David Pajo ha cinquant’anni e, artisticamente parlando, si può dire che abbia vissuto altrettante vite. È stato un icona del Post Rock prima con i mai troppo lodati Slint e poi con i Tortoise. Ha fatto parte degli Zwan, il fugace progetto post-Pumpkins di Billy Corgan. Si è avvicinato a modo suo al Metal con i Dead Child. E ha messo a disposizione di chiunque la sua perizia strumentale e la sua versatilità, spaziando dall’Hardcore Punk al Math Rock, dall’Elettronica al Folk, dall’Alternative all’Indie. The For Carnation, Stereolab, Royal Trux, King Kong, Will Oldham, Yeah Yeah Yeahs e Interpol sono solo alcuni dei nomi con i quali il buon David può dire di aver collaborato.
Highway Songs, il precedente album di Pajo con il monicker di Papa M uscito due anni fa, oltre che un ritorno alla musica dopo tanto tempo, era stato per David innanzitutto un ritorno alla vita, dal momento che, tra il 2015 e il 2016, aveva dovuto prima fare i conti con un tentativo di suicidio e poi con un terribile incidente motociclistico. Questa ritrovata fame di vita e di musica aveva irradiato Highway Songs di un’aura speciale, un po’ catartica e un po’ frenetica, come se Pajo avesse voluto condensare in un’unica volta tutta la musica che ha amato, dal Rock sabbathiano al Folk à la Leonard Cohen.
A Broke Moon Rises, invece, è di tutt’altra pasta. Completamente strumentale, prevalentemente acustico, è composto da cinque lunghe suite dove la chitarra è lo strumento predominante, alla quale, layer su layer, con l’aiuto di un discreto tappeto percussivo, è lasciato il compito di creare l’atmosfera di tutto il disco.

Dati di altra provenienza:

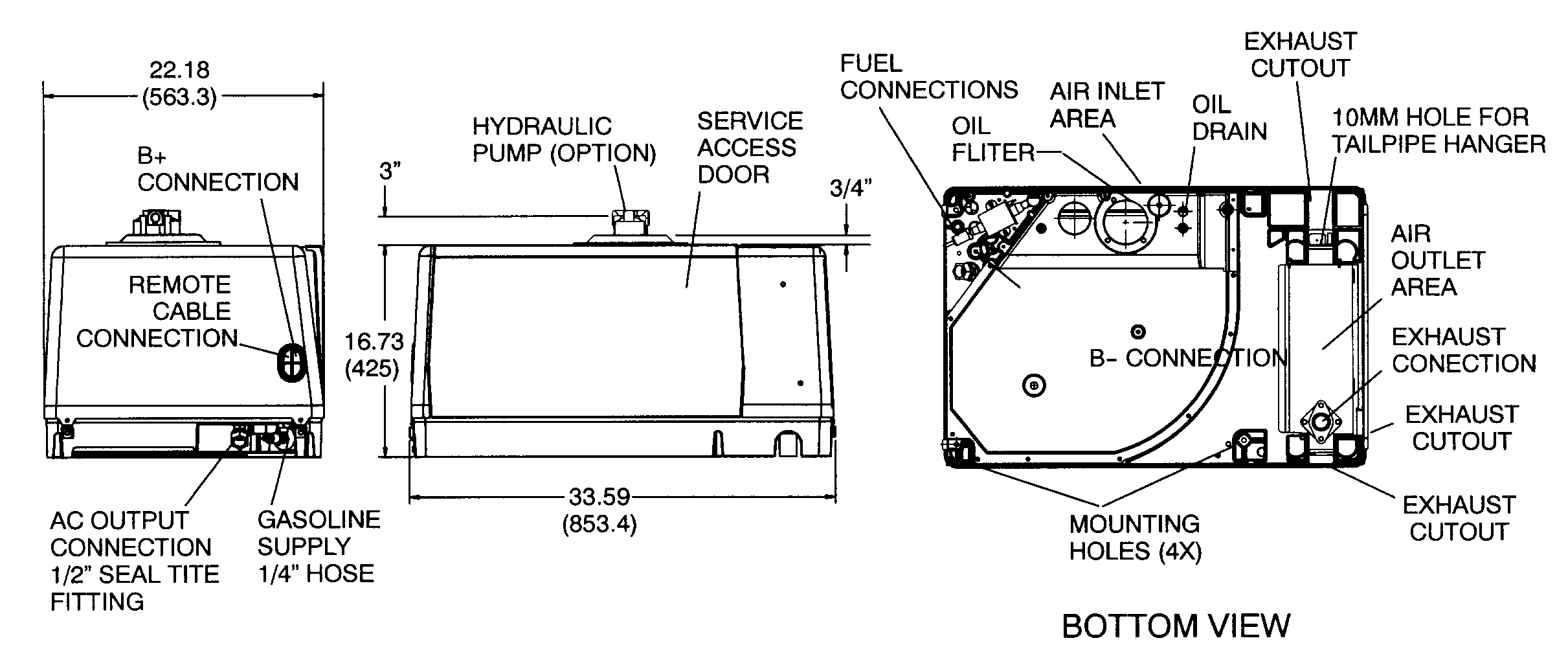 Generator weight does not include battery charger or splined shaft.

E se “The Upright Path”, “Walt’s” e “Shimmer” procedono per aggiunta, costruendo le loro architetture sonore con pazienza, “A Lighthouse Reverie” è meno immediata, con una struttura che alterna efficacemente il forte con il piano e il semplice con il complesso. Conclude l’album una rivisitazione di “Spiegel im Spiegel”, una pezzo del compositore estone Arvo Pärt, originariamente basato su pianoforte e violino, al quale Pajo altera l’arrangiamento facendo eseguire alle chitarre gli arpeggi del pianoforte e simulando il violino attraverso l’e-bow. Un finale perfetto per un album, semplice, rigoroso e sobrio, che non è nient’altro che la colonna sonora di un immaginario film che racconta la storia di un uomo finalmente in pace con se stesso.